Posts Tagged ‘SpamAssassin’

SpamAssassin: Dealing with unrecognized spam

Saturday, May 3rd, 2008

Everyone hates spam, and one of the main ways that people are fighting it is through the use of SpamAssassin. I’ve been using it for a while now and have Sieve detecting spam headers and moving them to my Junk folder.

The Problem

Dealing with spam that went unrecognized has been more of a manual process. Every once in a while, I’d have to segregate all of my useful mail from the spam and run “sa-learn” on my the leftovers. This isn’t horrible, because I tend to shell into my server fairly frequently, but I really prefer to have menial tasks like this automated.

A solution

First of all, I created a folder in my mailbox called “Unrecognized Spam”. The name isn’t important, really. It just needs to be a place to file away all of those messages that SpamAssassin didn’t catch on the way in.

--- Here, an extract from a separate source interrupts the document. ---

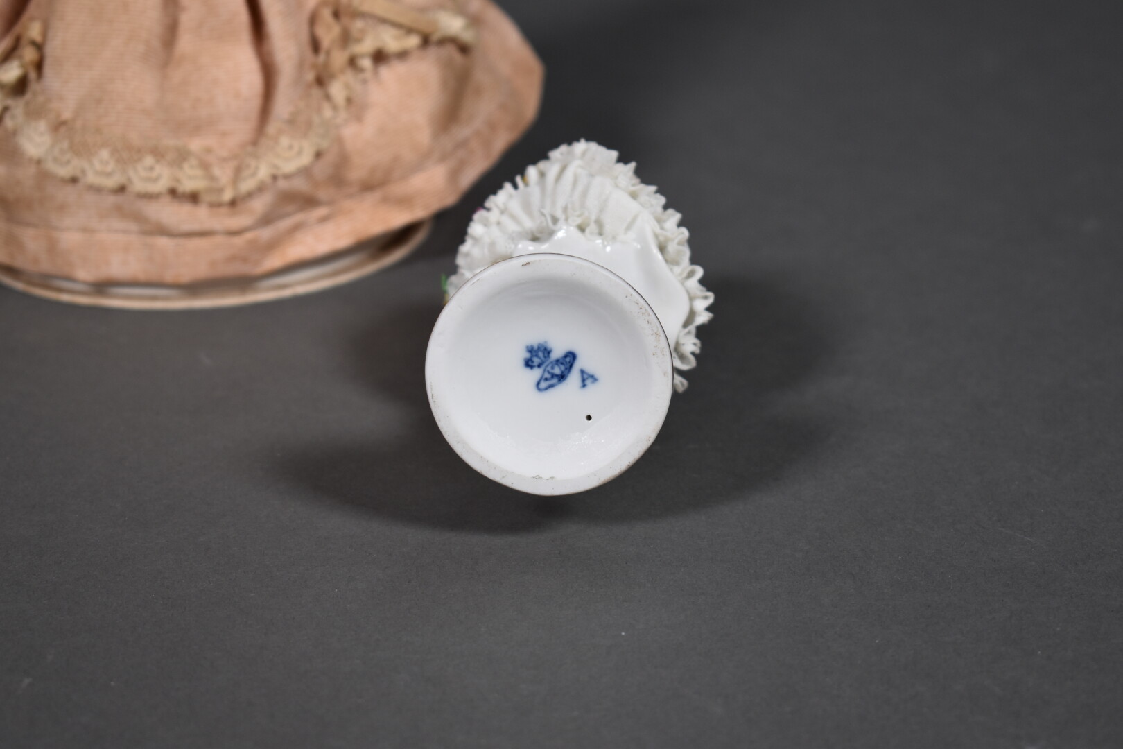 Ensemble en porcelaine soit deux figures d’élégantes, la robe abritant des boîtes en carton et une petite figurine représentant une jeune fille (un manque). Probablement Saxe, XXe siècle. Haut. : 22,5 cm.

Once that was done, I wrote a very simple little script, which I dropped in /etc/cron.daily/:

#!/bin/bash
 
SPAM_DIR="/home/bshacklett/Maildir/Unrecognized Spam/cur"
 
cd "$SPAM_DIR"
sa-learn --spam .;
rm *

Nasty, I know, but it did the job. All I had to do when I got spam that went unnoticed by SpamAssassin was drag it into my “Unrecognized Spam folder” and it would be learned and gone within 24 hours. Of course, I was also getting mail from the cron daemon complaining when there weren’t any emails to learn from or delete.

Improvements

So, this morning I had a little spare time, so I decided to improve on the script a bit:

#!/bin/bash
 
# Constants
SPAM_PATH="Maildir/.Unrecognized Spam/cur";
 
# Find all of the directories directly under /home/
homeDirectories=(`find /home/ -maxdepth 1 -mindepth 1 -type d`);
 
# Loop through the found directories and check for spam
for homeDirectory in ${homeDirectories[*]}
do
    fullSpamPath=${homeDirectory}|>/${SPAM_PATH}|>;
 
    #Check if the spam directory exists under this home directory
    if [ -d  "${fullSpamPath}" ]; then
 
        # Check if there is mail under the spam directory
        if [ "$( ls -A "${fullSpamPath}|>" )" ]; then
            sa-learn --spam "$fullSpamPath";
            rm "${fullSpammPath}/"*;
        fi
    fi
 
done

Now I know I’m not a great shell scripter, but this is working pretty well. It basically scans all of the home directories and looks for the “Unrecognized Spam” directory under each one. If it finds it, it will test to make sure that there are emails in the folder, then learn them and remove them.

Caveats

  • This isn’t going to scale all that well. I’m guessing it would be fine for 200 users or less, as it runs at night, but it would need some tweaking for anything more.
  • As it is, this requires that your mail be stored in the Maildir format. I know that sa-learn can work with mBox stores, but I’m not sure how you’d target it effectively.